Alex Ortega, MD, FAAD, assistant professor of dermatology at Oregon Health & Science University School of Medicine, works with medical and graduate students to creatively engage middle school, high school, and college students in medicine and science.


Outreach ideas

  • Participate in high school preparatory programs conducted by their medical school to reach out to gifted UIM high school students who come to their medical school with their parents for enrichment programs.

  • Participate in programs that introduce UIM high school students to the excitement and promise of cutaneous research.

  • Visit or coordinate visits to local colleges at least twice per year and speak to MAPS, LMSA, and SNMA chapters to encourage them to apply to medical school and dermatology in particular. Choose colleges with a high number of UIM students. State schools are often best for this purpose.


Students in the Pipeline Program are given a wristband.


Throw a pizza party for UIM medical students within the first two months of starting medical school to introduce them to dermatology as a specialty and UIM dermatologists. The UIM dermatologists should discuss why they went into dermatology and the importance of UIMs in dermatology. Consider inviting students in MAPS for the pizza party as well. Teach them about dermatology and guide them in applying to medical school.

  • Mentor a group of UIM medical students who volunteer to speak to UIM students in local high schools, middle schools, and elementary schools, particularly in schools with large numbers of UIM students. Monitor and support this “pipeline” program.

Mentoring ideas

  • Become a mentor for the Diversity Mentorship program.

  • Participate in mentorship programs sponsored by the Skin of Color Society, Women’s Dermatological Society, and other groups for students from diverse backgrounds.

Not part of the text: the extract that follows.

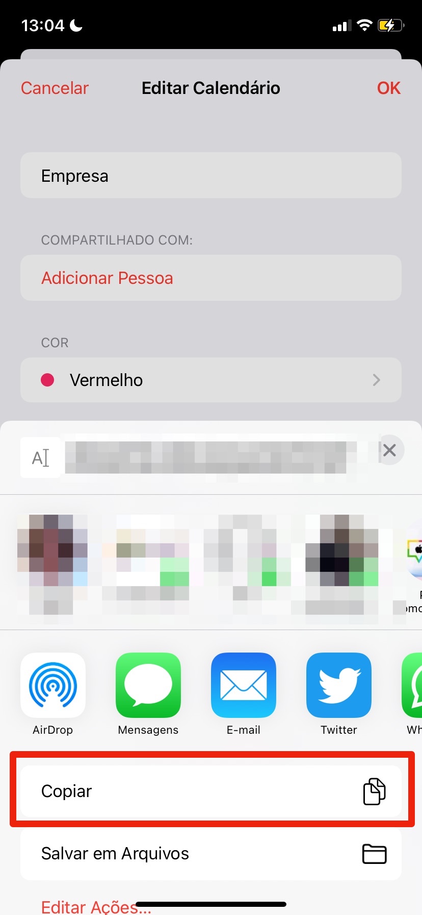 5. Uma vez ativado, você terá a opção de compartilhar o link para o seu novo calendário público. Toque em “Compartilhar Link” para abrir a planilha de compartilhamento do iOS.

  • Participate in a mentorship program made up of medical school faculty for UIM medical students to guide them during medical school, especially during the first year.

    • Talk to them before their first major test and after subsequent major tests.

    • Meet them for lunch or dinner routinely to support, encourage, and walk alongside them during this stressful time.

    • Guide them toward tutoring services, counseling, and upper-level students when necessary.

    • Help to develop a “Gotcha Covered” program (document download) at their medical school. This is where a minority faculty member is assigned a minority student as soon as they arrive to medical school.

  • Serve with students at a free dermatology clinic on a routine basis and get them involved in dermatology. This is often how UIM students who are on the fence regarding dermatology ultimately decide on dermatology as a career, when they see how dermatologic illnesses greatly impact the poor and marginalized individuals in our society.